* _Problem details_
Please copy exactly the line containing "The Leadership Essentials" and every line after it, through the last line of the records below, leaving out all pictures.

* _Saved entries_
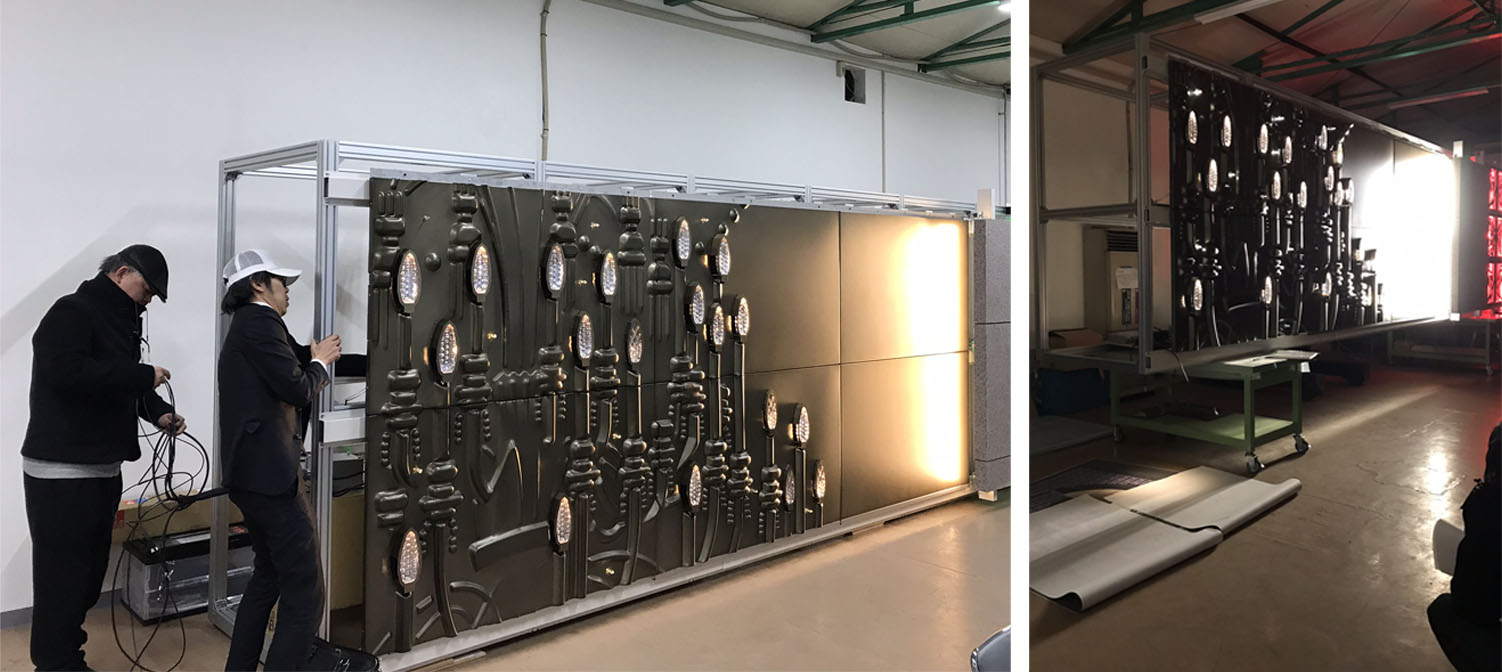 2019年12月、絞り深さ150mmのレリーフサンプルを手にゼネコン(鹿島建設様)を訪問した。その会議で、150mmでの実現が困難であること、もっと低い絞り深さでも十分な表現力を持たせることができることを認識いただき、翌2020年1月末に、部分的な実物大サンプルで、クライアントにより最終評価をする場を設定することになった。この日から約一か月後、年末年始があることを考えると、実質一か月もない状況であった。
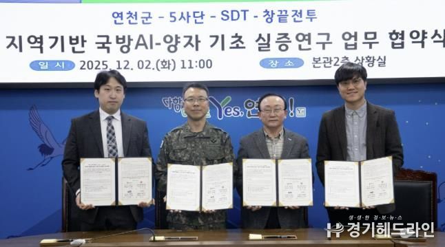 [경기헤드라인=김윤종 기자] 연천군은 지난 2일 군청 상황실에서 육군 제5보병사단, SDT(주), 사단법인 창끝전투와 함께 AI 대전환 시대에 대응하고 지역의 새로운 성장 동력을 확보하기 위한 ‘지역기반 국방 AI·양자 기초 실증연구’ 업무협약을 체결했다고 밝혔다.
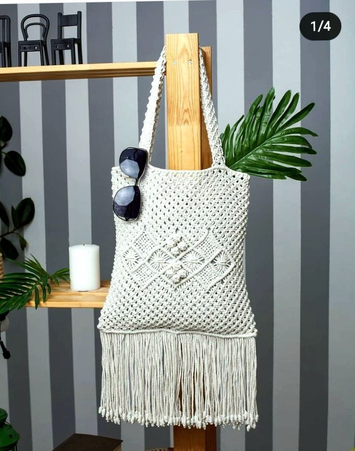 Сумка в технике макраме в светлом натуральном оттенке — универсальный аксессуар в бохо-стиле. Плотное плетение сочетается с декоративным узором по центру и длинной фактурной бахромой, создавая лёгкий, свободный и очень стильный образ. Удобные плетёные ручки подходят для повседневного ношения, а вместительность делает сумку идеальной для прогулок, шопинга и летних поездок. Такой аксессуар станет яркой деталью гардероба и прекрасным подарком любителям хендмейда и натуральной эстетики.
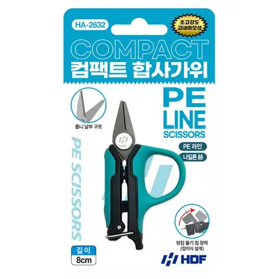 컴팩트 합사 가위로 PE 라인과 나일론 쇼 절단에 특화된 다용도 낚시 가위. 톱니날 구조로 엉킴 풀기 기능이 있으며 접이식 설계로 휴대성이 뛰어남.
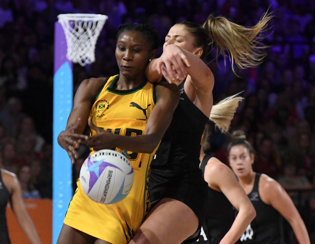Jamaica’s Jodi -Ann Ward (left) battles New Zealand’s Whitney Souness in the netball semi-final match during the Commonwealth Games in Birmingham, England, on August 6, 2022. Photo: Naphtali Junior
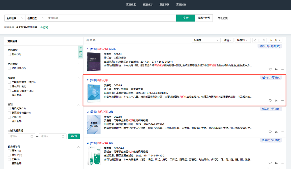 5.可以进行检索条件的限定,以《有机化学》为例,回车键或者点击检索。
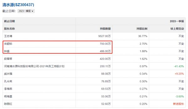 此前,宋颖标是同生环境的副董事长。2016年,清水源以发行股份的方式并购同生环境。宋颖标、钟盛由此取得清水源的股份并跻身前十大股东行列。
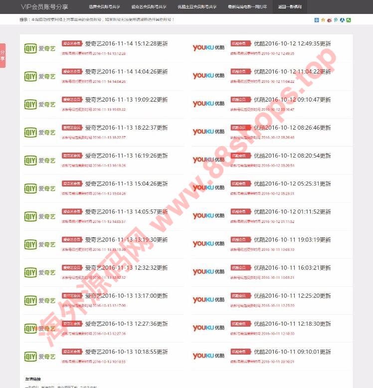 影视VIP账号资源分享网站PHP源码_爱奇艺优酷迅雷账号分享网站,全自动采集发布 迅雷优酷爱奇艺账号分享,自带自动采集帐号共享,无需人工更新内容程序使用PHP+Mysql+Tinkphp 最新 优化了些小细节,去掉自带的广告,附教程
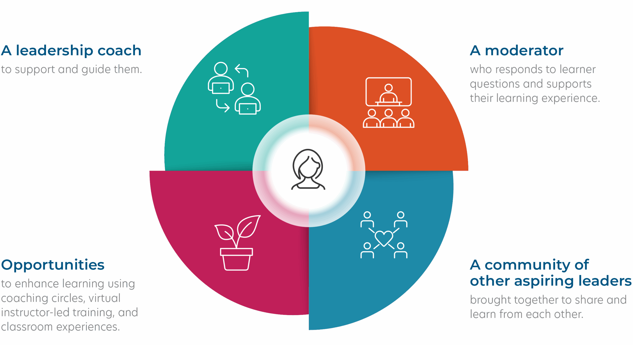 The Leadership Essentials experience seamlessly blends digital learning with human connection and provides learners with:
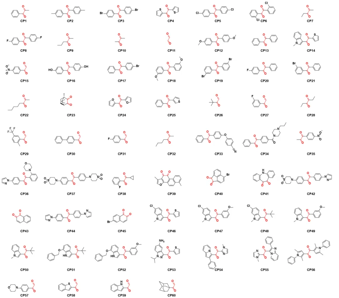 补充数据图6 | 本研究中使用的乙二醛化合物的化学结构。乙二醛化合物可分为三种结构类型:芳基二取代乙二醛(类型1)、烷基二取代乙二醛(类型2)和单取代乙二醛(类型3)。
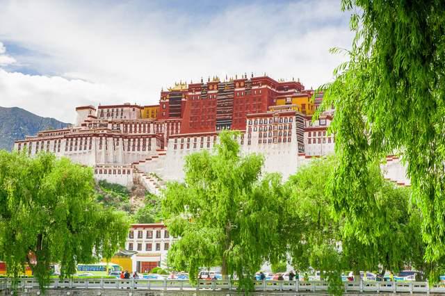 布达拉宫始建于公元7世纪,是藏王松赞干布为远嫁西藏的唐朝文成公主而建。布达拉宫占地约41公顷,建筑面积约13万平方米,主体建筑分为红宫和白宫,红宫居中,白宫横贯两翼。红宫有历代达赖喇嘛的灵塔和各类佛堂及经堂。白宫部分是达赖喇嘛处理政务和生活居住的地方。宫体主楼13层,高约115米,全部为石木结构,5座宫顶覆盖镏金铜瓦,金光灿烂,气势雄伟,由寝宫、佛殿、灵塔殿、僧舍等1000多间组成。

* _Result_
 The Leadership Essentials experience seamlessly blends digital learning with human connection and provides learners with:
 补充数据图6 | 本研究中使用的乙二醛化合物的化学结构。乙二醛化合物可分为三种结构类型:芳基二取代乙二醛(类型1)、烷基二取代乙二醛(类型2)和单取代乙二醛(类型3)。
 布达拉宫始建于公元7世纪,是藏王松赞干布为远嫁西藏的唐朝文成公主而建。布达拉宫占地约41公顷,建筑面积约13万平方米,主体建筑分为红宫和白宫,红宫居中,白宫横贯两翼。红宫有历代达赖喇嘛的灵塔和各类佛堂及经堂。白宫部分是达赖喇嘛处理政务和生活居住的地方。宫体主楼13层,高约115米,全部为石木结构,5座宫顶覆盖镏金铜瓦,金光灿烂,气势雄伟,由寝宫、佛殿、灵塔殿、僧舍等1000多间组成。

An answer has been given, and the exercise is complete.